On day 1, statistical analysis showed that SDLP after diphenhydramine was not equivalent to placebo. Subjective assessments were in line with the objective findings of significant driving impairment. That is, participants reported significantly increased mental effort during driving, decreased driving quality and reduced alertness. On day 4, driving ability was also statistically significantly impaired, but less pronounced relative to day 1. Tolerance to the effects of diphenhydramine after sub-chronic use has been previously reported by other behavioral studies (Schweitzer et al. 1994; Kay et al. 1997). However, we agree that tolerance lasts only as long as therapy is continued (Schweitzer et al. 1994; Nolen 1997) and, since antihistamines are often used only if needed, performance impairment will reappear each time therapy is initiated.

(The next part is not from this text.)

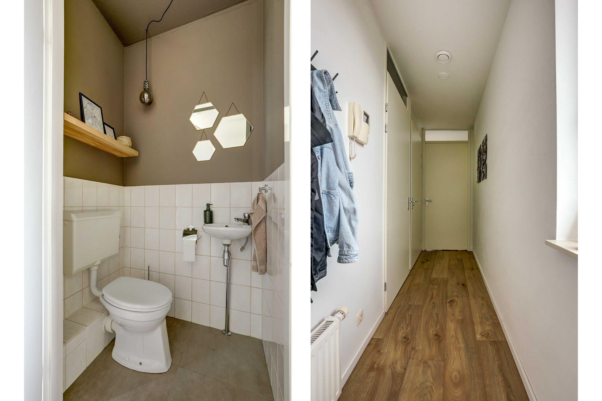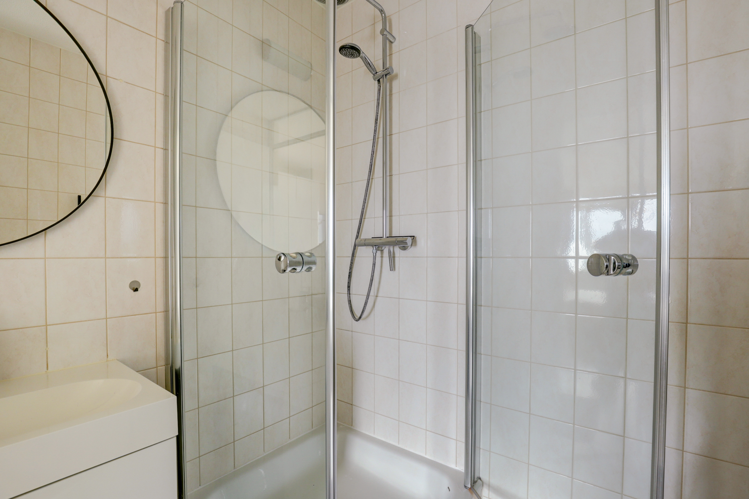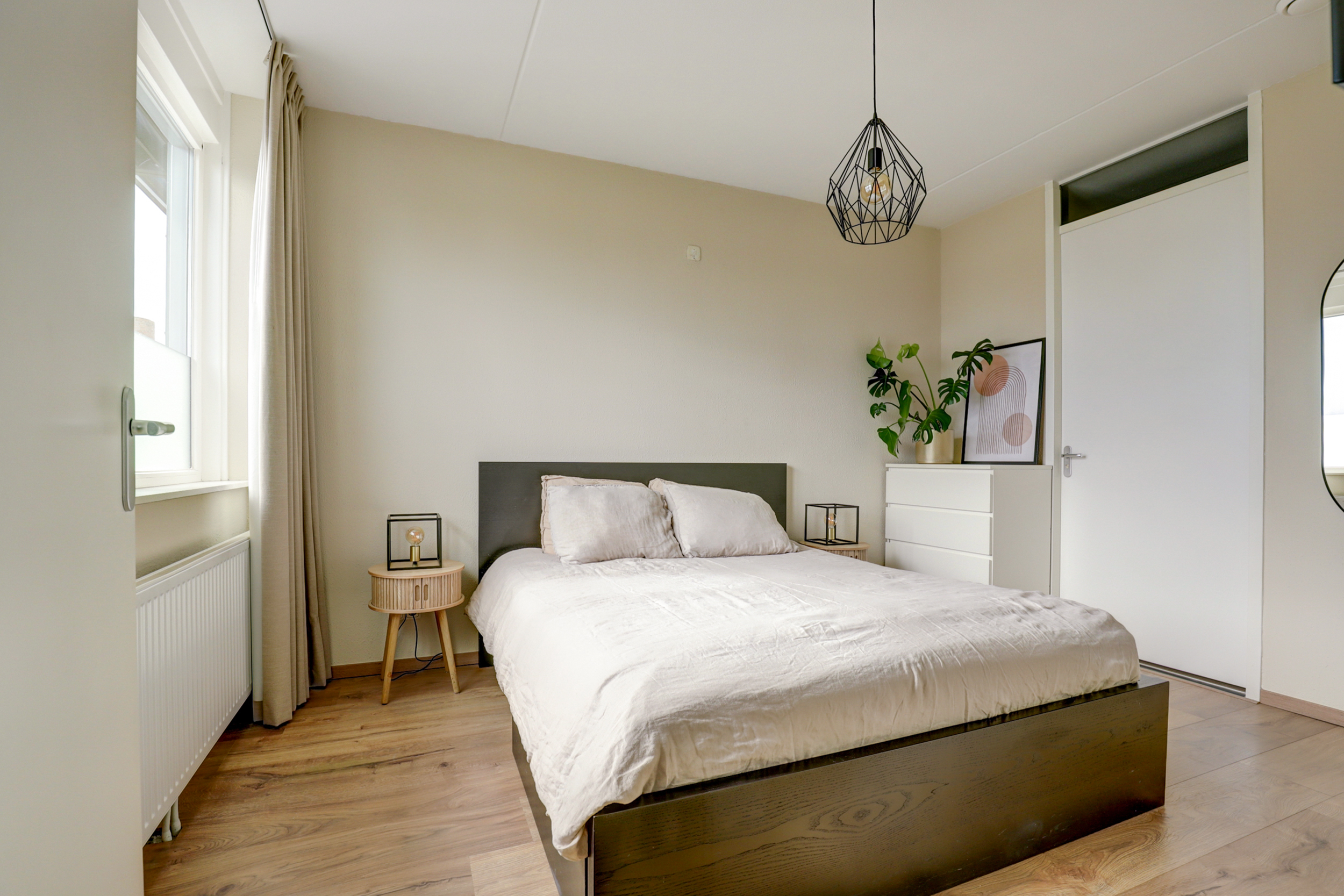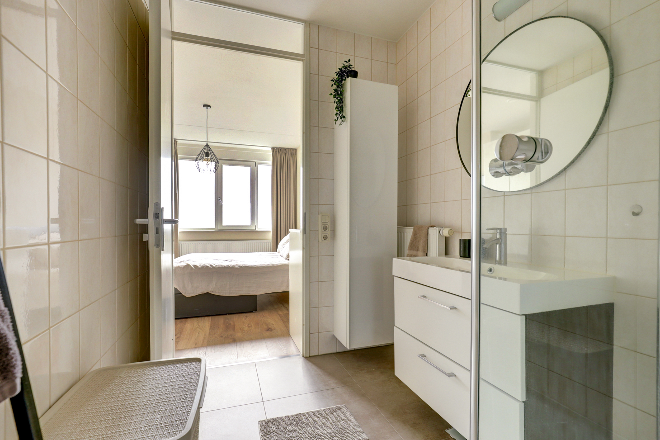 Aan de voorzijde bevindt zich de ruime slaapkamer, direct grenzend aan de badkamer, die is voorzien van een douche en wastafelmeubel. In de hal is een apart toilet gesitueerd, evenals een inpandige berging met ruimte voor wasmachine en extra opbergruimte. Door deze slimme indeling ervaar je optimaal wooncomfort op één woonlaag.

Of concern was the observation that our subjects reported equal driving quality after diphenhydramine and placebo on day 4, while driving ability was objectively impaired. It has been reported previously (Kay et al. 1997) that subjects did not recognize their driving impairment after diphenhydramine use. This is rather worrisome, because epidemiological studies showed increased traffic accident risk (Kay and Quig 2001), work-related injury (Gilmore et al. 1996; Fireman 1997) and hip fractures (Boonyaratevej et al. 2001) after first-generation antihistamine use on a daily basis. The unawareness of performance impairment is unlikely to stimulate users of sedative antihistamines to travel by public transport, instead of driving their own car.

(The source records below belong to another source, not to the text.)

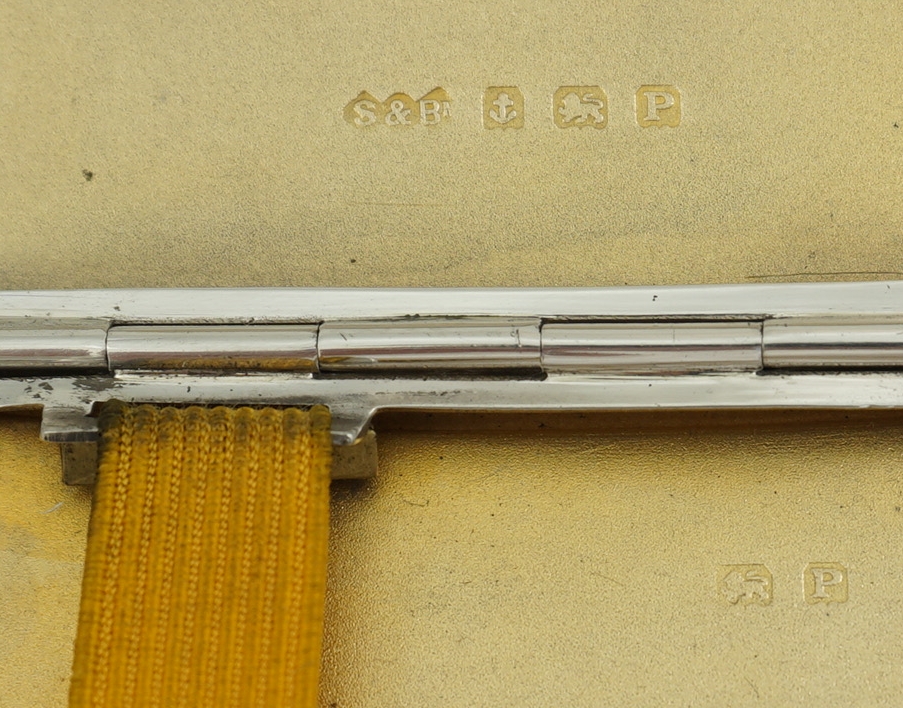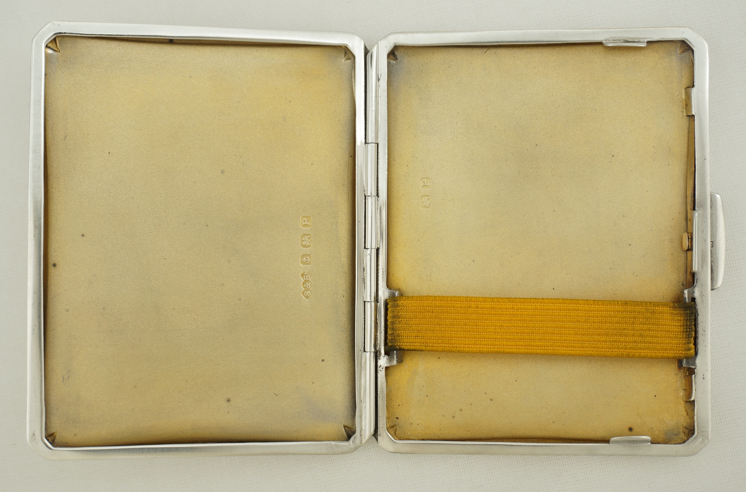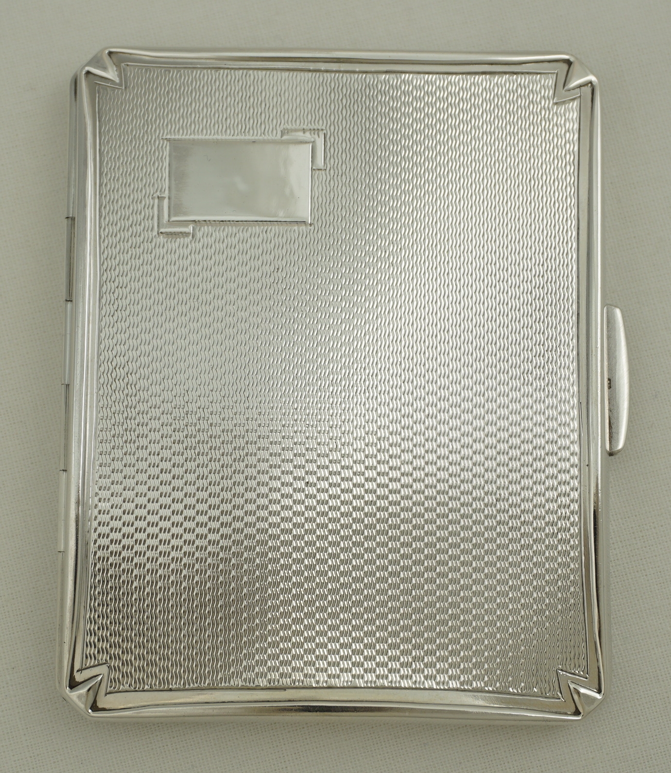 DESCRIPTION | Excellent vintage Art Deco English solid sterling silver cigarette case with canted corners, blank cartouche, engine turned engraved decoration and a matt gilded interior. |
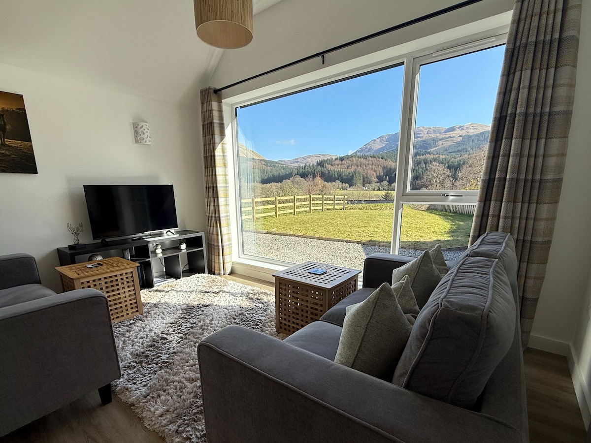 Take it easy at this unique and tranquil getaway. Enjoy this gorgeous setting either from the warmth and comfort of the open plan lounge or from your own private deck with extraordinary views over Dumgoyne and the Campsie Hills. You will be surrounded on all sides by fields, woods or mountains but yet be close enough to pop out for a coffee and cake at the local village or taste a wee dram at the Glengoyne whisky distillery.
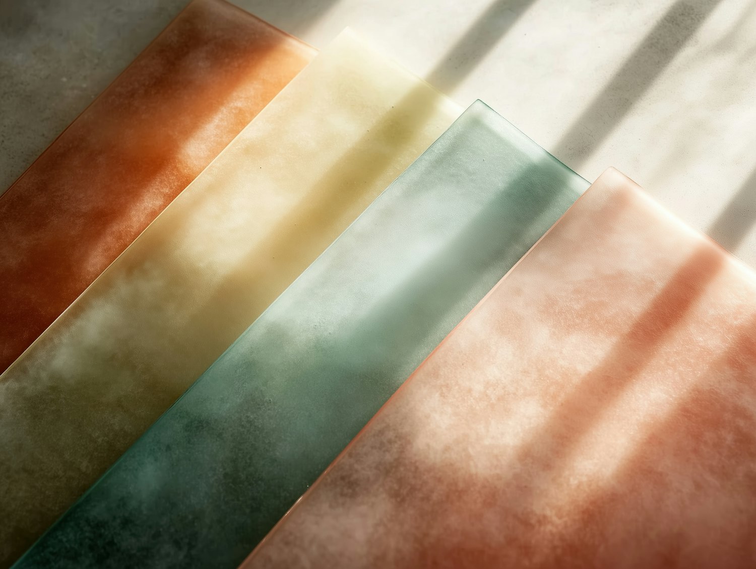 Diagonal frosted glass panels in warm orange, yellow, teal, and pink hues, illuminated by sunlight with soft shadows.

The above-mentioned data imply that patients using diphenhydramine should be warned not to drive a car, since results from the equivalence test show that the 95% confidence interval lies partly above the acceptance limit. Although the SDLP magnitude of diphenhydramine (20.5 cm) is within the SDLP range of 18–22 cm generally observed under placebo conditions (Volkerts and van Laar 1995), it must be stressed that SDLP values both after placebo administration (day 1: SDLP=17.7 cm, day 4: SDLP=17.0 cm) and at baseline (SDLP=16.8 cm) were below this range. Our study population comprised young, healthy volunteers. Driving impairment of patients is likely to be worse than the effects found with healthy volunteers, since diphenhydramine-induced impairing effects must be added to the impairing effects of allergic rhinitis (Marshall et al. 1993; Nolen 1997; Blanc et al. 2001; Wilken et al. 2002). An on-the-road driving study in patients with untreated allergic rhinitis should be conducted to examine whether driving performance is worse than that of healthy control subjects, and to establish whether the effects on driving ability of levocetirizine and diphenhydramine are similar in patients and healthy controls.

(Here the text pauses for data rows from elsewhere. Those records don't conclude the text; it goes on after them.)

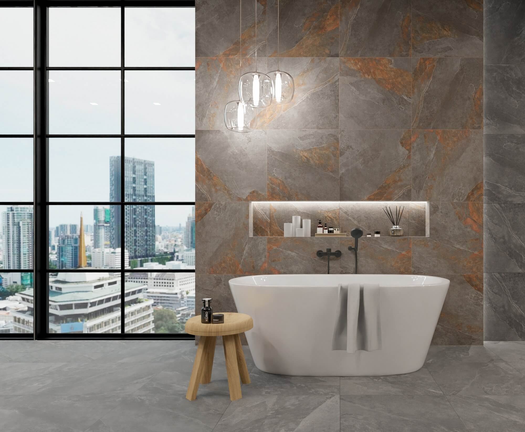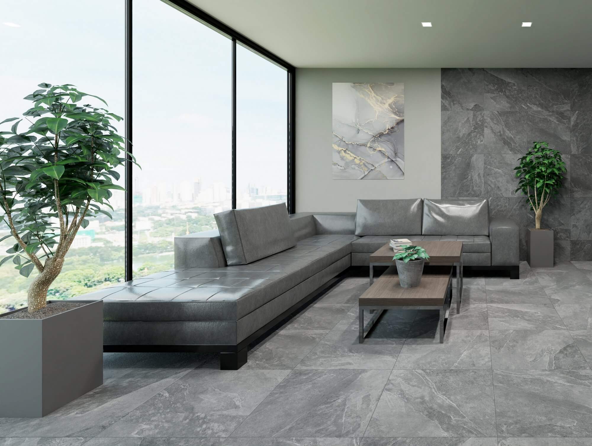 Коллекция Rocket - это застывшая структура вулканической породы, которая с точностью воспроизводит рельеф и неровности природного камня. Такая фактура керамогранита в сочетании с темными оттенками серого и коричневого добавляют в интерьер сдержанности и строгости, поэтому он прекрасно подойдет для оформления гостиных, каминов и кабинетов.
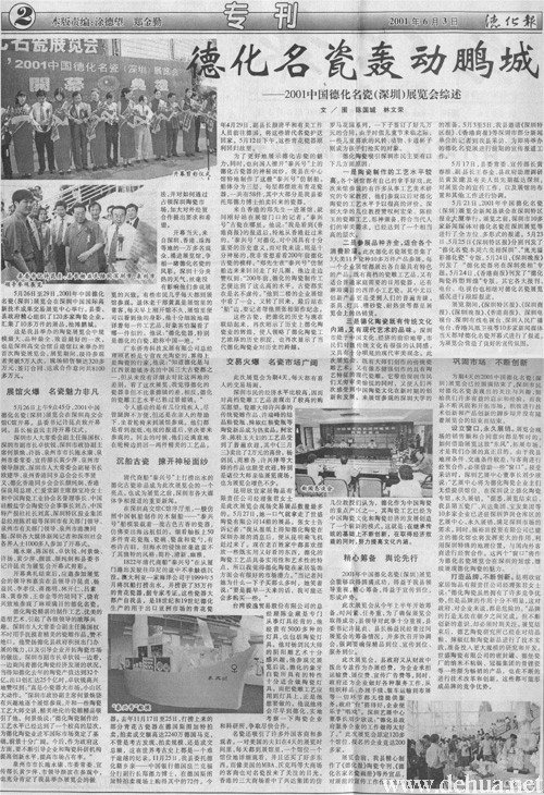 5月21日,2001年中国德化名瓷(深圳)展览会新闻恳谈会在深圳特区报业大厦举行。展览之前,深圳市10多家新闻媒体对德化名瓷莅深圳展览等进行了全方位、多形式的报道。5月23日、5月25日《深圳特区报》分别刊发了“德化名瓷本周六亮相深圳”、“流光溢彩德化瓷”专版。5月24日,《深圳晚报》刊发了“德化瓷器将在深圳亮相”专题。5月24日,《香港商报》刊发了“德化陶瓷再塑辉煌”专版。其它各大报刊、电台、电视台也相继对德化名瓷展览盛况进行跟踪报道。
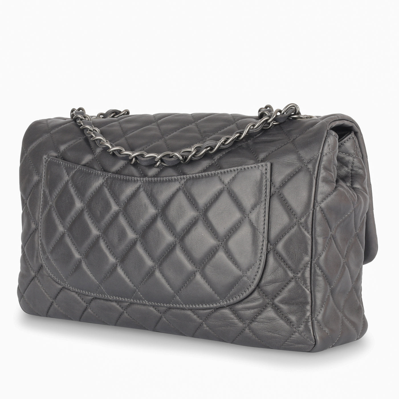 This special edition of the Jumbo Flap Bag is one of the most popular sizes of them all. For the people who like to carry a lot with them wherever they go in style, then this is the bag for you. Featuring its infamous quilted lambskin leather in deep grey and interwoven chain / leather strap, the Jumbo is an absolute must-have in any luxury handbag collection.
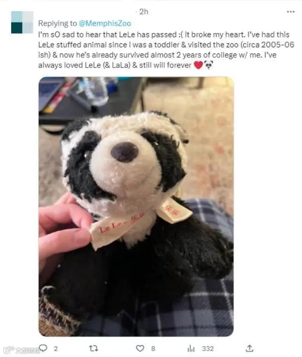有网友写道,“听到乐乐去世的消息,我很难过,心都碎了。我从小就有了这个乐乐毛绒玩具,还在2005年-2006年去过动物园(看它)。现在乐乐毛绒玩具又陪伴我度过了2年的大学时光。我一直爱乐乐,也会永远爱下去。”

Results from a laboratory test battery performed 3 h after administration by the same subjects (Verster et al. 2003) are in line with results from previous studies with levocetirizine (Hindmarch et al. 2001; Gandon and Allain 2002). That is, relative to placebo, after both acute and sub-chronic administration, levocetirizine did not significantly impair performance on any test. In contrast, performance was significantly impaired on all laboratory tests after acute administration of diphenhydramine. After sub-chronic administration of diphenhydramine, performance was also impaired but did not reach significance.
The major conclusion of this study is that after both acute and sub-chronic use of levocetirizine (5 mg), performance on the standardized driving test was not significantly affected.
This study was financially supported by UCB Pharma.